I feel like a stranger



  • I need to let something out a bit, and i can’t let it out to my friends or family, so here i am.

    I’m a 22 yo female and currently doing internship in a studio. At first i was very happy about joining the team because the people are friendly and very very helpful, but now i feel very left out because of two other interns in my office.

    The other two intern is also females and their hobby and interests overlaps with each other, talking about expensive make ups, clothings, etc. Meanwhile here i am feeling a little bit left out because i, personally don’t have the luxury of spending money on unnecessary things.

    At first i thought it was just me being pessimistic. But time over time i feel like they really take me as the “less one”. If I say somethingg, they says something over me like i was not talking at all. Yes, i have small voice, and i’m afraid to talk loudly because i used to have super loud voice, and being reprimanded by my family everyday makes me not confident in my voice. There was even time when i’m trying to talk about something and one of them turning on a freaking video with loudspeaker so my voice is overshadowed.

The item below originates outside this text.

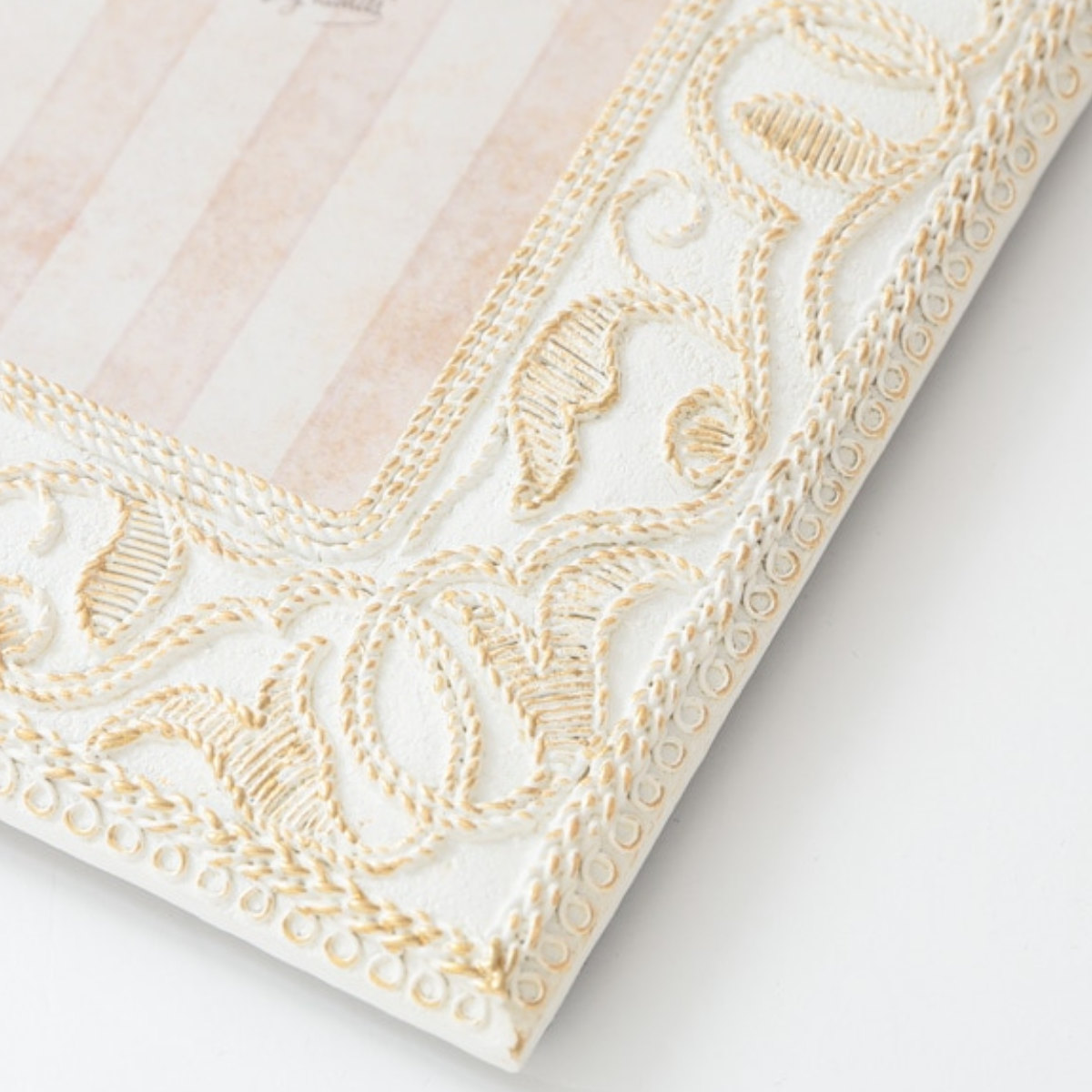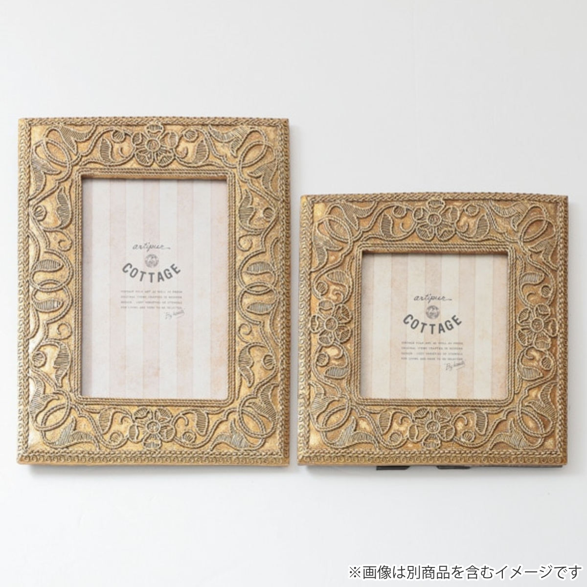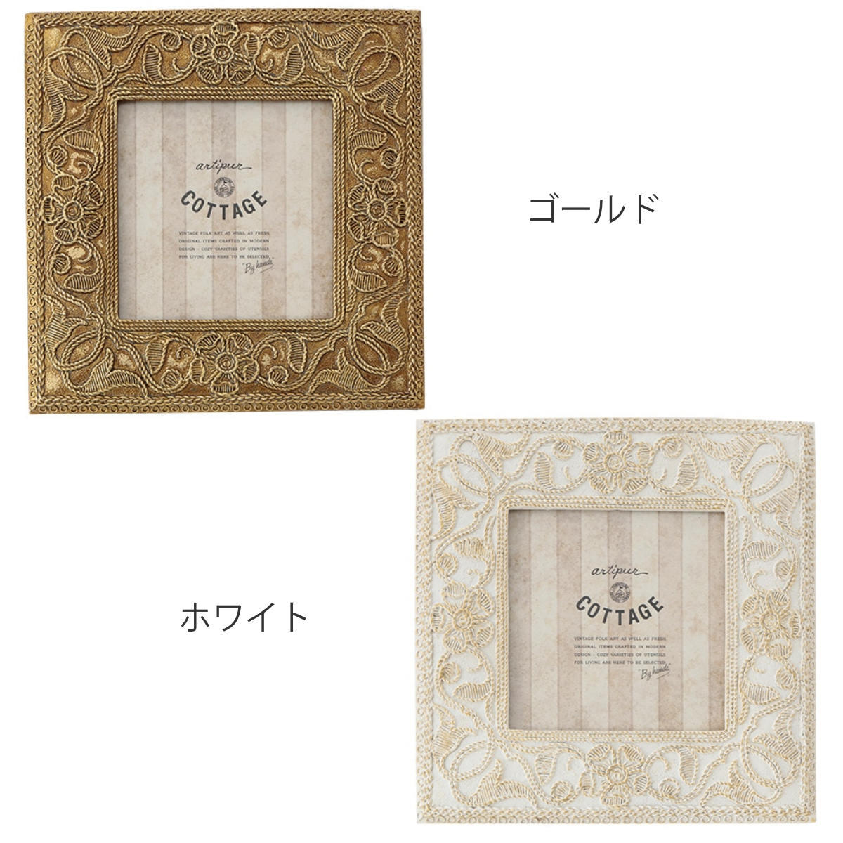 ●刺繍風の草花柄デザインが目を引く、アンティーク調のフォトフレームです。

    I feel angry, but they are the type who would only say “whoa chill bro” without really thinking that i’m really is upset over that, so i don’t want to waste my breath over it.

    One time one of the intern is shading me over liking a band, like i’m less than her because i like a freaking band and she likes multiple indie bands. But a week later they arebeing super nice to me because I have done my assignments for uni purpose first and they need my source to do theirs. They are being super nice to me for two days and the next time i met them they’re back to dissmiss me like before.

    I don’t know if i’m being oversenditive or what, but I know that the patience limits of each persons are different, and clearly i’m reaching my limit. I only want to let this out of my chest. Believe me or not i’m not the type to hold grudges, but i tend to remember them and it keeps piling up.

    If you read this, thank you and anyone is welcome to reply to this however you want.